Избранные письма. 1854-1891 - [150]

Шрифт
Интервал

Пусть гипотеза моя есть научное открытие, и даже великое, но из этого еще не следует, что практическая политика в XX веке пойдет сообразно этому закону моему. Общественные организмы (особенно западные), вероятно, не в силах будут вынести ни расслоения, ни глубокой мистики духовного единства, ни тех хронических жестокостей, без которых нельзя ничего из человеческого материала надолго построить. Вот разве союз социализма («грядущее рабство», по мнению либерала Спенсера) с русским самодержавием и пламенной мистикой (которой философия будет служить, как собака) — это еще возможно, но уж жутко же будет многим. И Великому Инквизитору позволительно будет, вставши из гроба, показать тогда язык Фед(ору) Михайловичу) Достоевскому. А иначе все будет либо кисель, либо анархия…

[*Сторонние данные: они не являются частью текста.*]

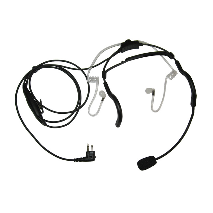 Light weight headset with in-line PTT and double acoustic tube for two way radio.
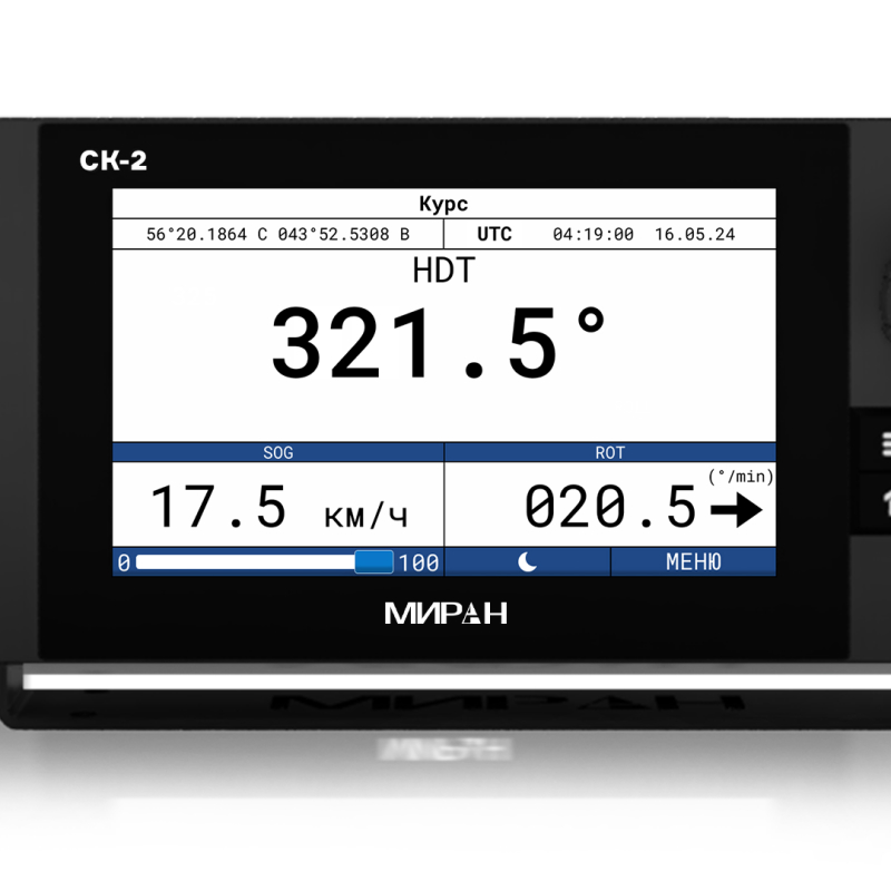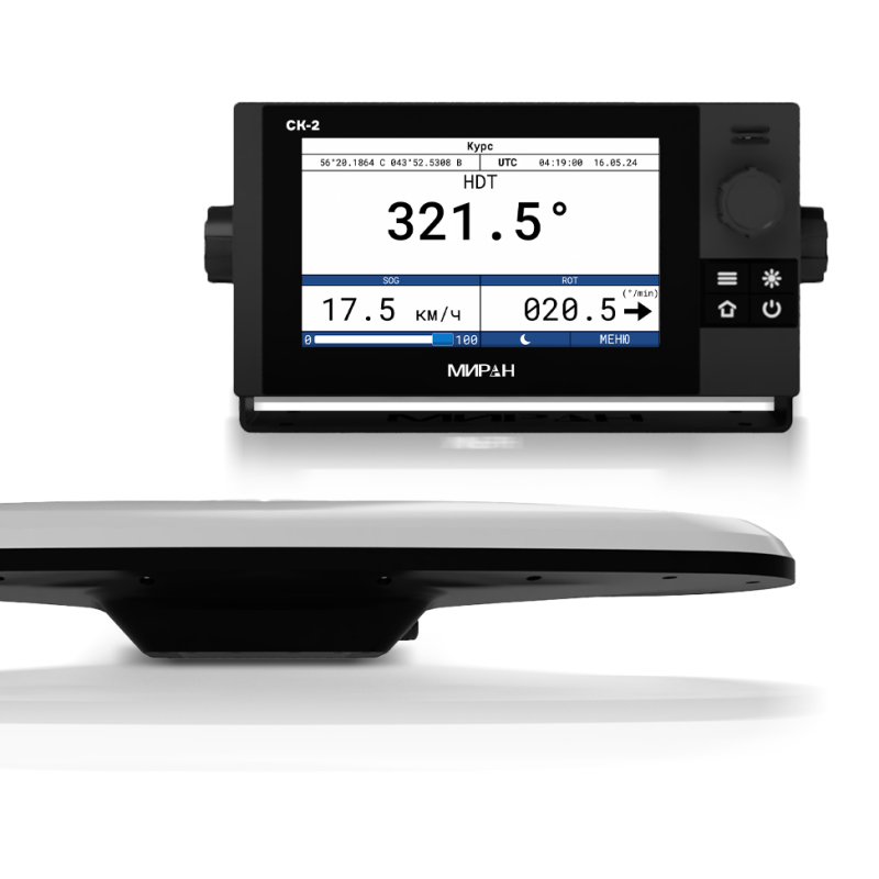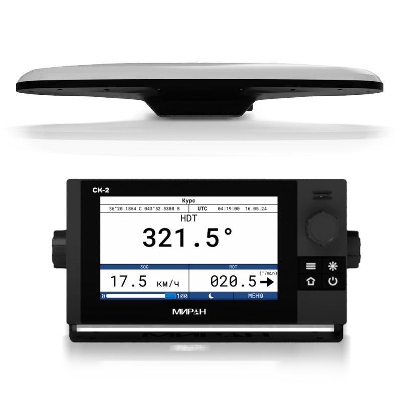 Миран СК-2 - спутниковый компас для точного определения курса и пространственной ориентации судна. Устройство состоит из двух ключевых компонентов: антенного блока АСК-76 и блока отображения и управления ДСК-7. Антенна АСК-76 является многосистемным высокочувствительным приемником, способным одновременно обрабатывать сигналы четырех глобальных навигационных спутниковых систем: GPS, Глонасс, BeiDou и Galileo. Работает с более чем 1100 каналами приема, что обеспечивает помехоустойчивость и доступность сигнала в сложных условиях. Корпус антенны рассчитан на эксплуатацию в диапазоне температур от -40 до +55°C и имеет степень защиты от влаги IP56. Блок ДСК-7 выполняет функции мощного вычислительного центра и удобного интерфейса для взаимодействия с экипажем. Он оснащен ярким 7-дюймовым цветным экраном с разрешением 1024х600 пикселей. Поддерживает русский и английский языки. Устройство отображает текущий курс, крен, дифферент и другие параметры. Для достижения максимальной точности и стабильности информация со спутниковых приемников объединяется с показаниями встроенных датчиков: гироскопа, акселерометров и датчиков наклона. Эта синтезированная система позволяет прибору мгновенно компенсировать бортовую и килевую качку, а также кратковременные потери спутникового сигнала, продолжая выдавать точные данные.
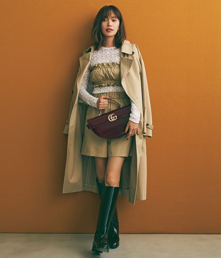 レーストップス×ビスチェにショーパン。トレンドをたっぷり盛っても浮つくことなく大人に決まるのは端正なトレンチコートのおかげ。レイヤードを楽しめる冬こそ甘辛コーデのバリエを広げるチャンスに。

Старо человечество, старо! Вот и я понимаю теперь, в 60 лет, чего бы я должен был избегать в 20, 30, 40 лет, чтобы не изнемогать, как теперь изнемогаю, но уже вернуть прошлого не могу!

Ну, а ряд блестящих торжеств еще будет у России бесспорно в ближайшем будущем. Да мягки мы все стали слишком и к себе, и к другим. Страх Божий утратили, а этой пресловутой, какой-то еще неслыханной «любви» все нет как нет. (…)

Впервые опубликовано в журнале: «Русский вестник». 1903. Май. С. 168–182.

239. В. В. РОЗАНОВУ. 30 июля 1891 г., Оптина Пустынь

(…) В заключении хотелось бы мне поговорить с Вами о Вашей брошюре «Роль христианства в истории». Но отлагаю это по необходимости до другого раза. Ко мне вчера вечером приехал гость, и мне никак нельзя на все утро оставлять его одного.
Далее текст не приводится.